# [PROVIDED MATERIAL]
┄┄┄┄┄┄

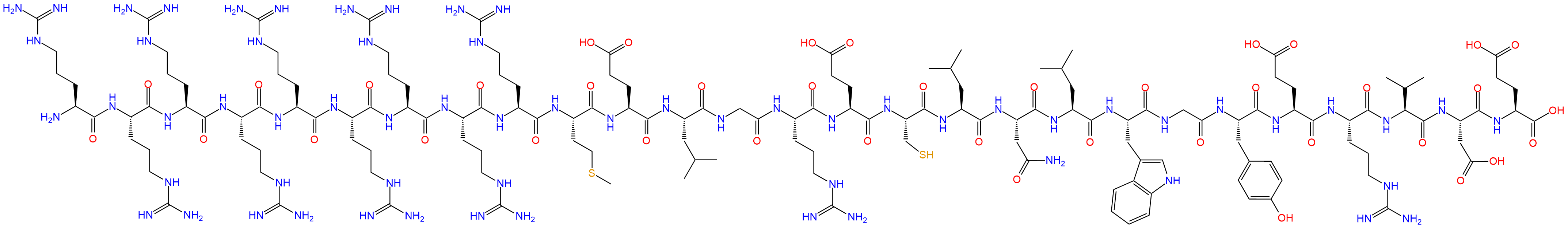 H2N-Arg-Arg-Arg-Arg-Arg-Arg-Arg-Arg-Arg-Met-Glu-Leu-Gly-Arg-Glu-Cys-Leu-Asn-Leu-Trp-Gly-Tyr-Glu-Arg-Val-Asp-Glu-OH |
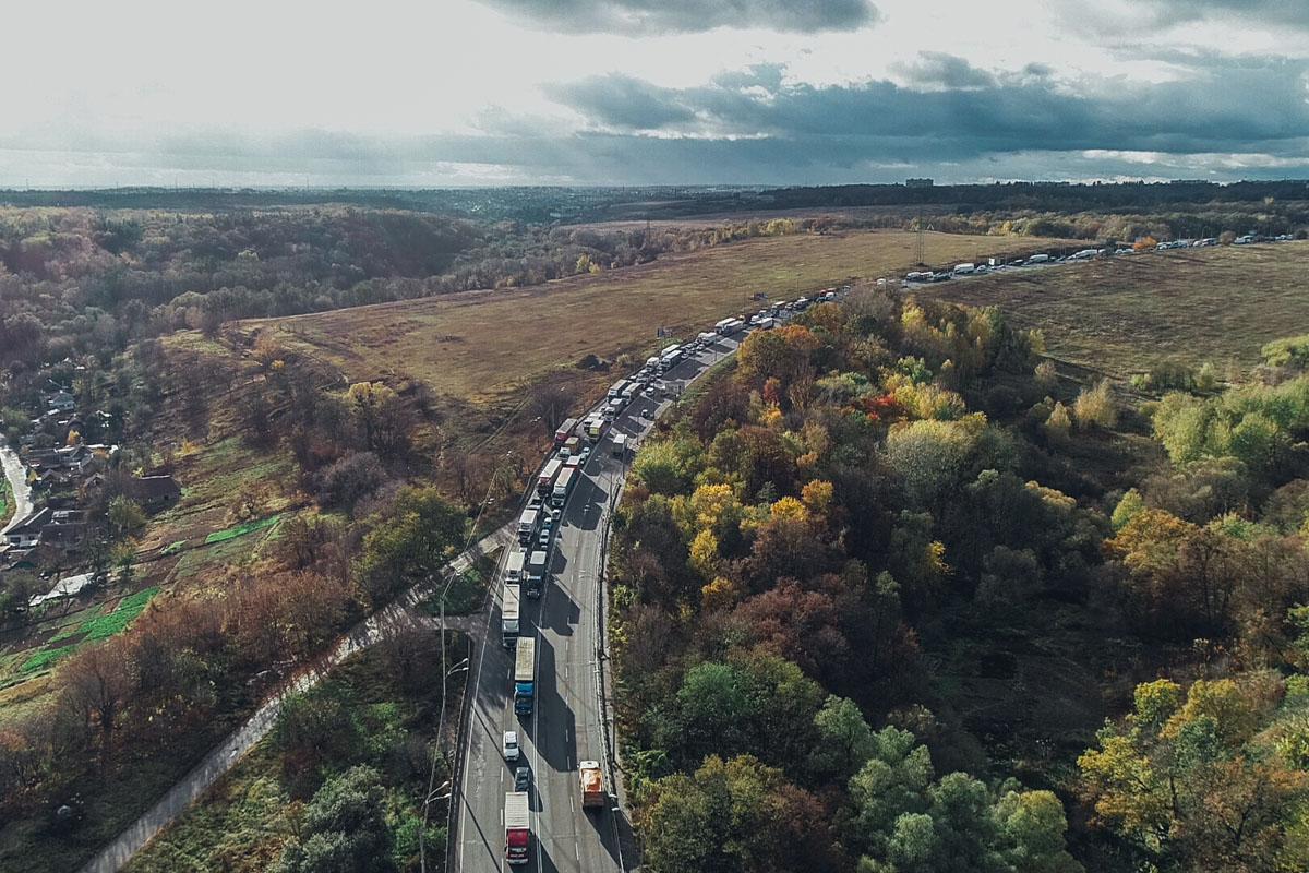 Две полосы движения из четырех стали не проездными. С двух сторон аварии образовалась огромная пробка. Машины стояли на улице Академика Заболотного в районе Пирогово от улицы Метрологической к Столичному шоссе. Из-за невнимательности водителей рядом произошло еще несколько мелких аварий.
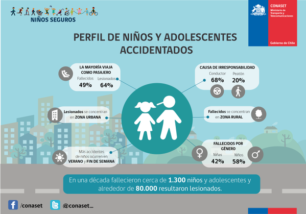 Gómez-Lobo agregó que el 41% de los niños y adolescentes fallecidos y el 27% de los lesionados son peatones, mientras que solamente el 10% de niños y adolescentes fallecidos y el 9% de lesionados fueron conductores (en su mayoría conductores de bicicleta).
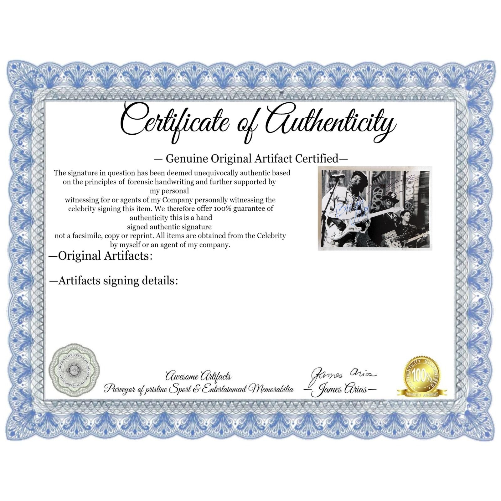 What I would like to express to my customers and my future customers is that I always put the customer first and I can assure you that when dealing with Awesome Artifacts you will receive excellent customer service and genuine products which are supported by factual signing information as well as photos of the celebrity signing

┄┄┄┄┄┄

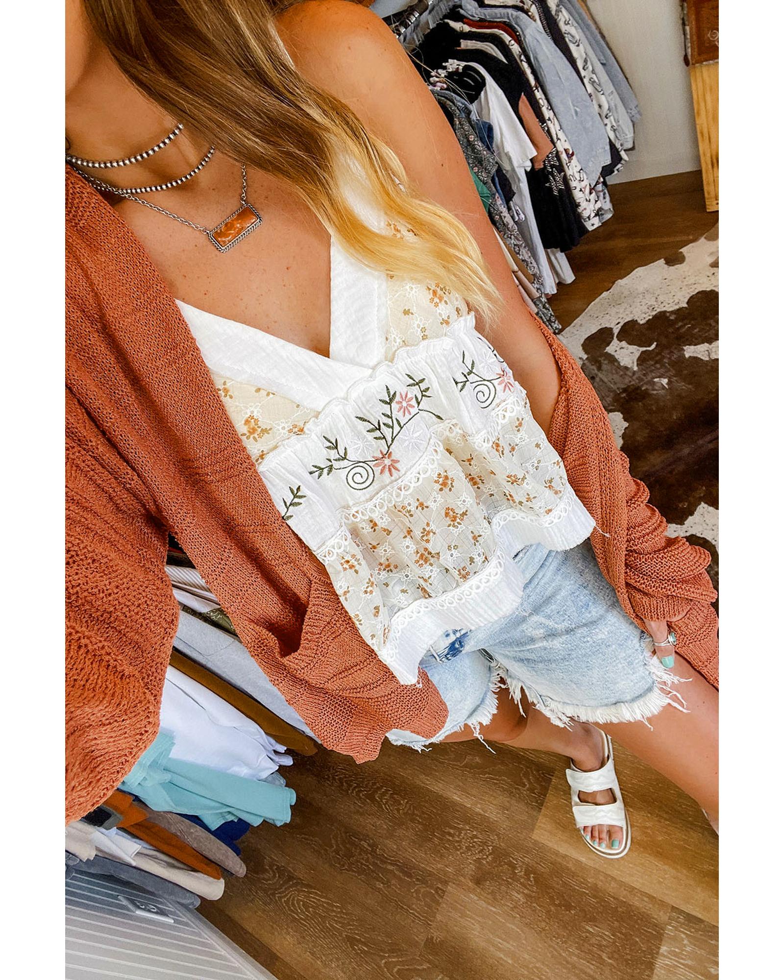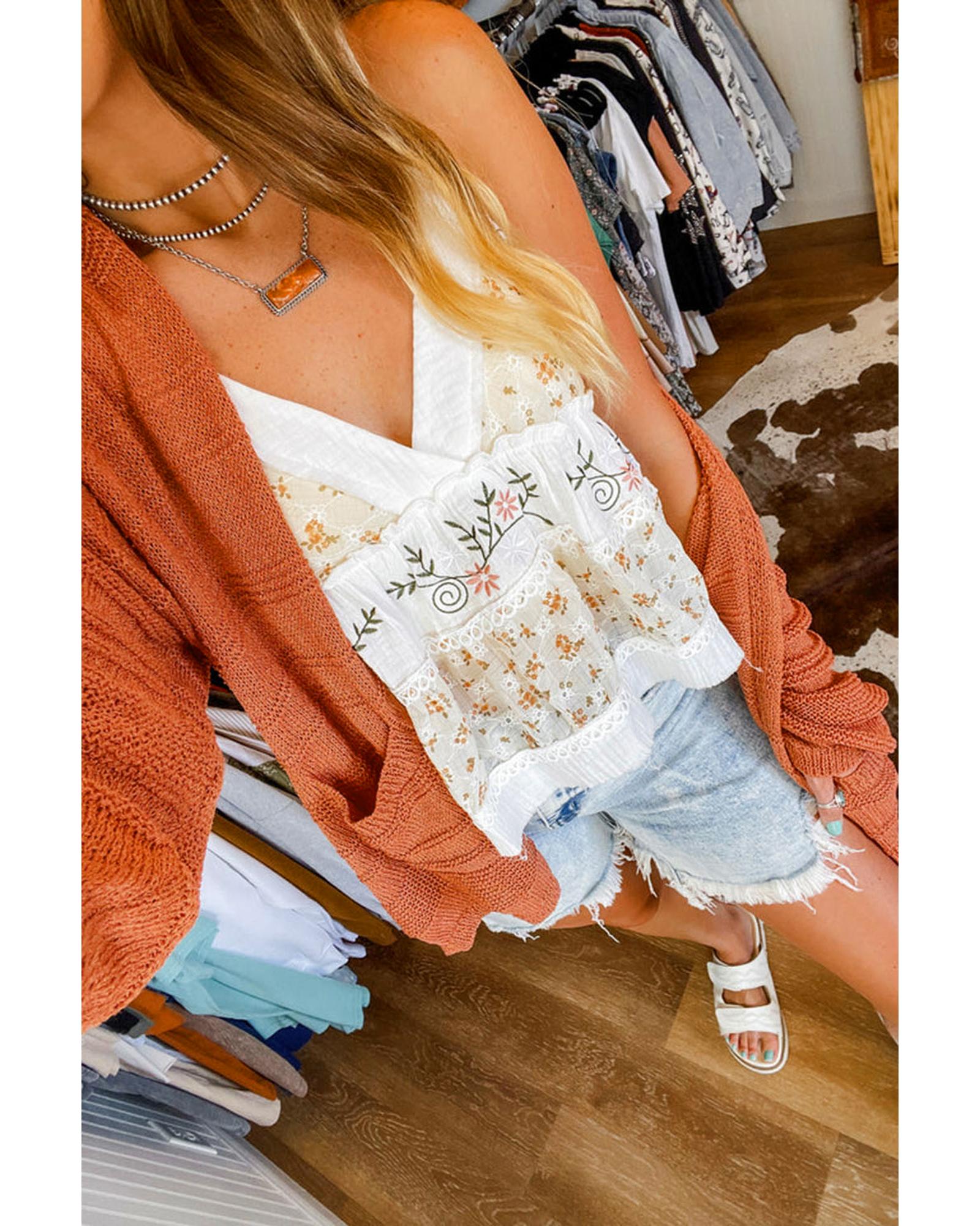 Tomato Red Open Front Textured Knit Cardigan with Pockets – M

┄┄┄┄┄┄

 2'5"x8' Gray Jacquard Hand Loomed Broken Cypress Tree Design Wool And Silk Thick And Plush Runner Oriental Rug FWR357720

┄┄┄┄┄┄

# [WORK INSTRUCTIONS]
Going by the data above, give back only the lines from the one containing "Две полосы движения" through the one containing "What I would", exactly as they stand, both ends included and no images.

# [ANSWER]
 Две полосы движения из четырех стали не проездными. С двух сторон аварии образовалась огромная пробка. Машины стояли на улице Академика Заболотного в районе Пирогово от улицы Метрологической к Столичному шоссе. Из-за невнимательности водителей рядом произошло еще несколько мелких аварий.
 Gómez-Lobo agregó que el 41% de los niños y adolescentes fallecidos y el 27% de los lesionados son peatones, mientras que solamente el 10% de niños y adolescentes fallecidos y el 9% de lesionados fueron conductores (en su mayoría conductores de bicicleta).
 What I would like to express to my customers and my future customers is that I always put the customer first and I can assure you that when dealing with Awesome Artifacts you will receive excellent customer service and genuine products which are supported by factual signing information as well as photos of the celebrity signing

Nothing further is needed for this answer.